Bertemu Mira sebagai teman dari Jimmy yang merupakan teman kuliahnya meski akhirnya Jimmy kini memilih bekerja sebagai karyawan Bank. Jimmy juga yang meminta agar Agus membantunya untuk memasukan Ziel ke sekolah tempat ia mengajar karena anak itu adalah anak dari teman kekasihnya.
Saat itu Jimmy datang berjalan menghampiri Agus yang kini duduk melamun di teras rumahnya. Jimmy tinggal tepat di sebelah rumah Agus ia keduanya mengambil kredit di tempat yang sama dan kini menjadi tetangga. Jimmy duduk di sebelah Agus melirik sahabatnya yang masih saja terdiam.
"Kok bengong lo?" tanya Jimmy penasaran.
Agus menoleh pada Jimmy, "Anak yang lo masukin ke sekolah gue itu anaknya siapa?"
"Anaknya temen cewek baru gue. Kesian Gus, hidupnya Mama Ziel tuh makanya gue bantuin dia, terus minta tolong sama lo. Anaknya nakal emang? Soalnya setau gue si Ziel itu agak anak-anak Jaksel gitu ngomongnya. Agak beda culture sama kita anak-anak timur."
"Anaknya pinter sih enggak ada masalah. hm, itu lo bilang hidupnya kesian, kesian gimana?"

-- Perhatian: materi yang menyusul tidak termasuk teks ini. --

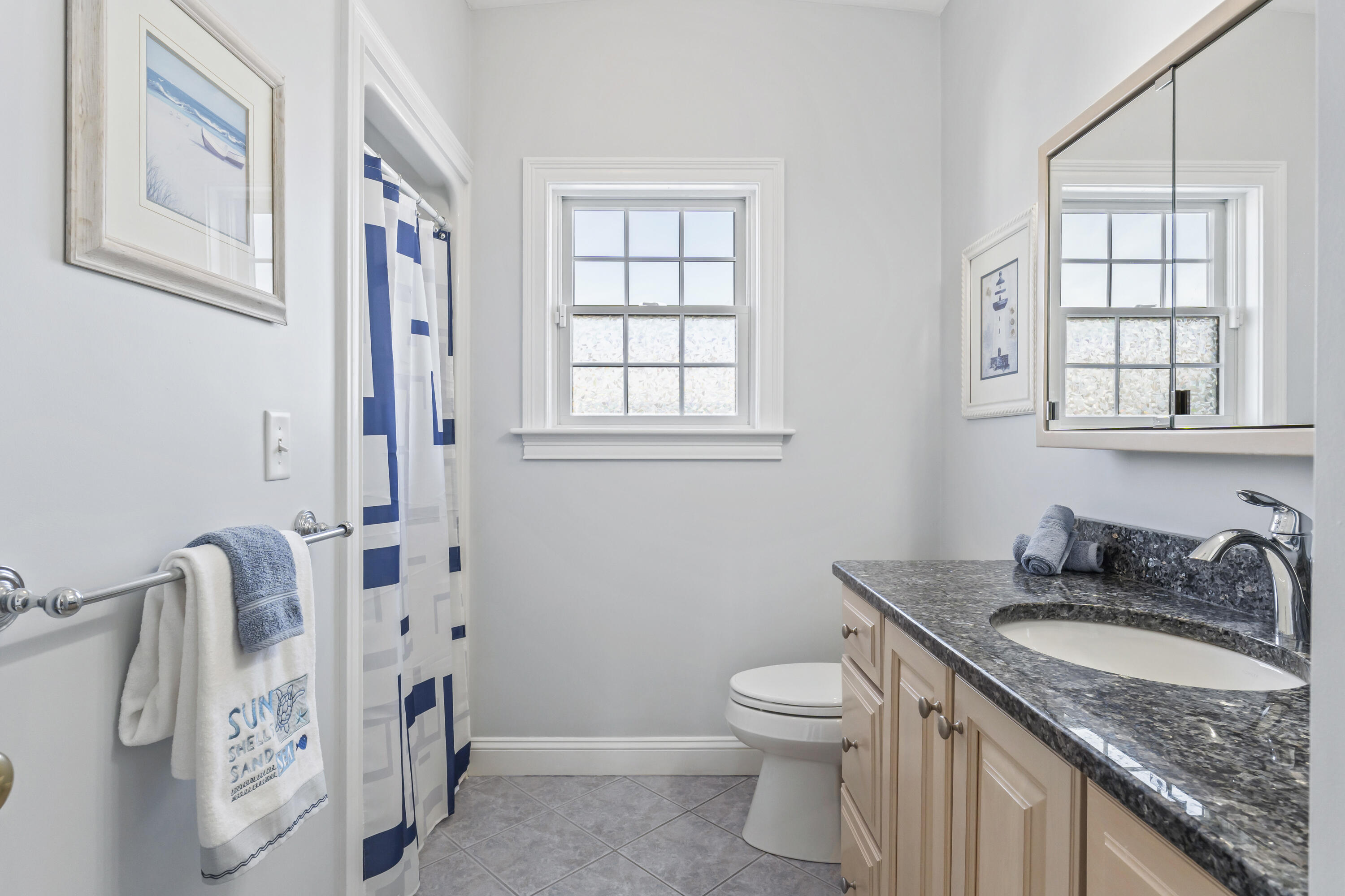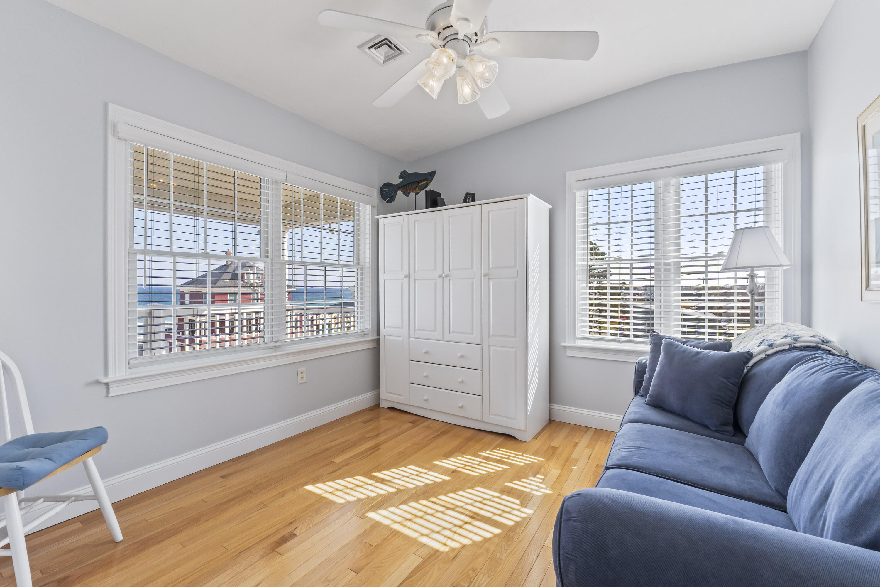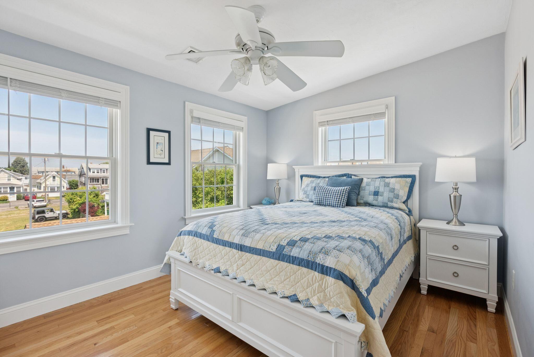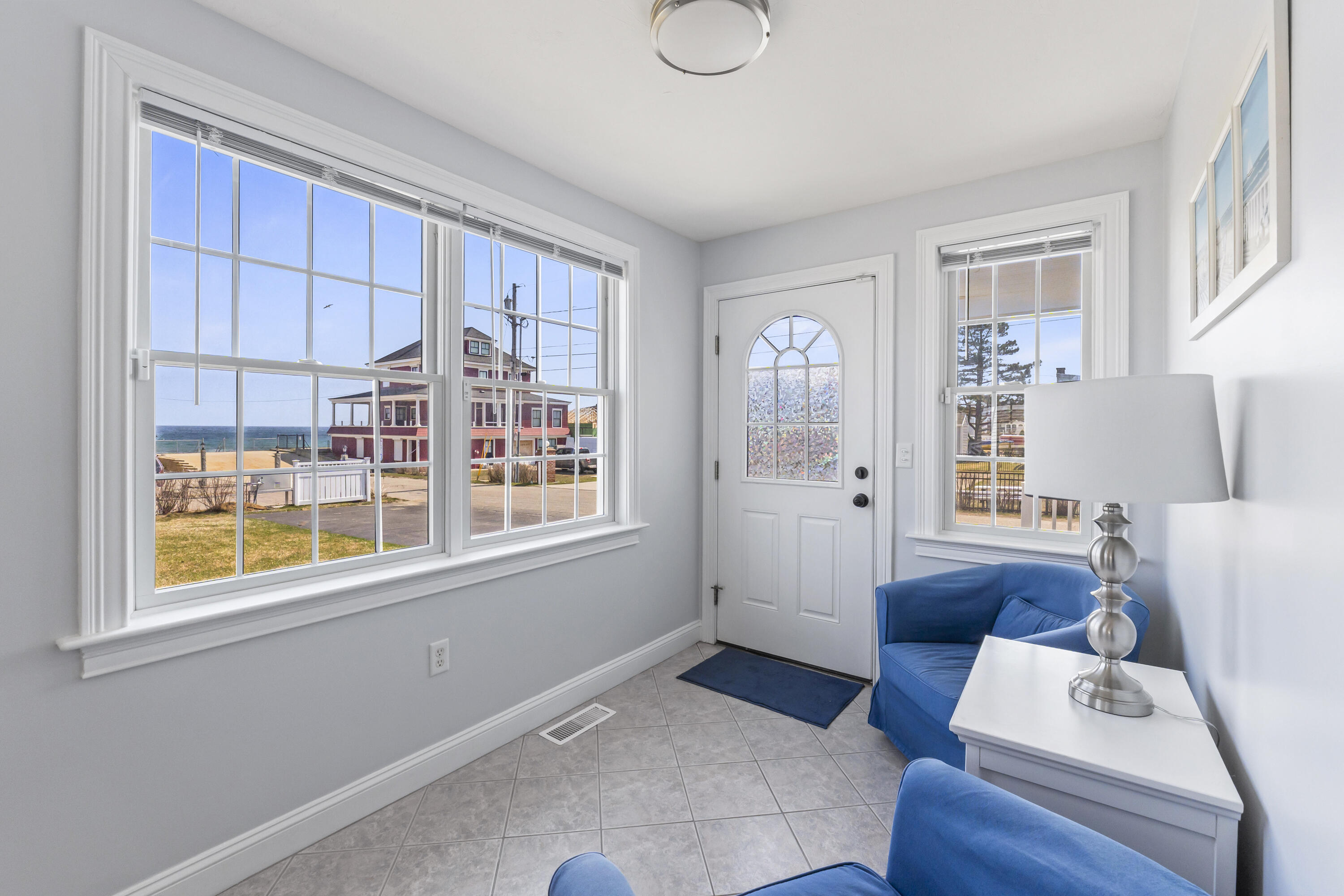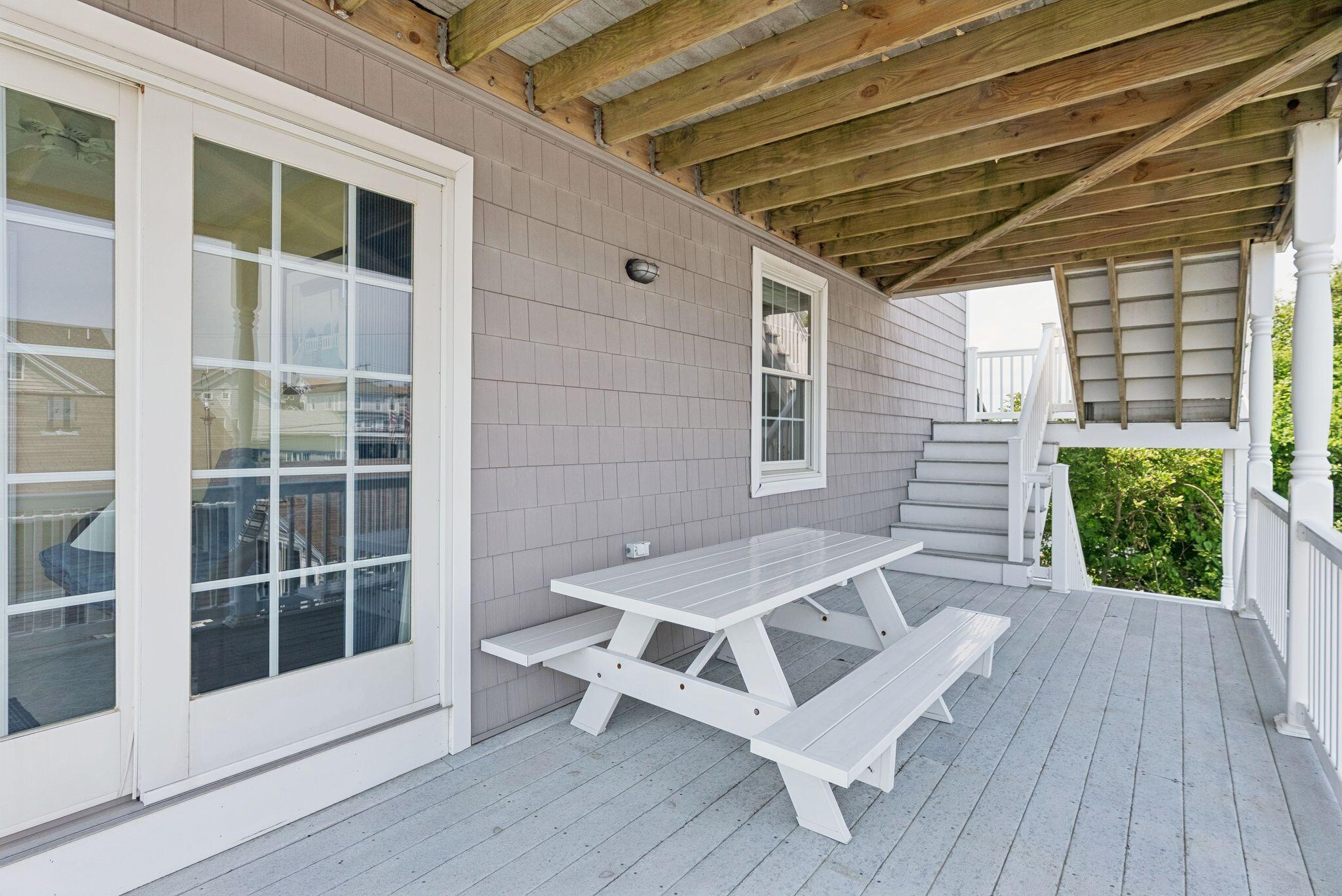 The main level offers a full kitchen, living and dining areas, a 4-season room, and four bedrooms including a primary suite. The upper and lower levels each include their own kitchenette, living space, bedrooms and baths, providing excellent flexibility and privacy. Ocean views, multiple decks, covered porch, hardwood and tile flooring, and abundant natural light through Andersen windows and sliders enhance the home's coastal appeal.

Jimmy mulai antusias ia menatap Agus Yang kini hidupnya berada di sampingnya. "Rei itu tadinya cukup, dia kan dicerai sama suami pertamanya waktu si Ziel setahun, tapi dicukupi semua mobil, uang, rumah. Sampai dia ketemu sama brondong kayaknya lebih muda tiga tahun gitu. terus semua harta bendanya dihabisin sama si laki-laki. Yang paling parah rumah Rei di jual dan sekarang dia hidup buka cuma pas-pasan tapi kurang kalau menurut gue. Waktu mau dicerai dia cuma dikasih delapan juta dari uang jual rumah. Padahal dua anak perempuannya itu anak dari suami kedua ini. Bulan lalu malah si Uca sakit sampai dirawat, karena dehidrasi nggak mau makan. Dari kecil Uca yang paling lemah, kesian lagi si Uca sering dibawa ngojek."
"Ngojek?" tanya Agus tak percaya.
"Iya, gue tadinya nawarin dia kerja di resto. Cuma anaknya enggak ada yang jaga. Kalau sebentar-sebentar dia bisa minta tolong si Cinta atau cewek gue sebelum kerja. Cuma dia enggak bisa ninggalin anaknya lama-lama. Apalagi si Cia masih dua tahun. Ya, gitu Gus, dia ngojek bisa sampe malam juga dia ambil karena malam anak dia tidur," jelas Jimmy yang juga sebenarnya iba pada Rei.
"Dia kan bisa jual makanan gitu."
"Enggak boleh ada kompor di dalam kost, kalau mau masak di bawah atau kompor listrik. Lagian kost itu cuma dua petak kamar dan sepetak toilet. Bayangin enggak lo, gimana panasnya itu ruangan kalau Rei masak juga?"
Agus terdiam, ada rasa iba dalam dirinya hanya saja ia juga tak bisa berbuat apa-apa. Sedikit terkejut gadis yang dulu buat hatinya hancur dan patah kini hidupnya hancur dan berantakan. Apa ini yang disebut karma?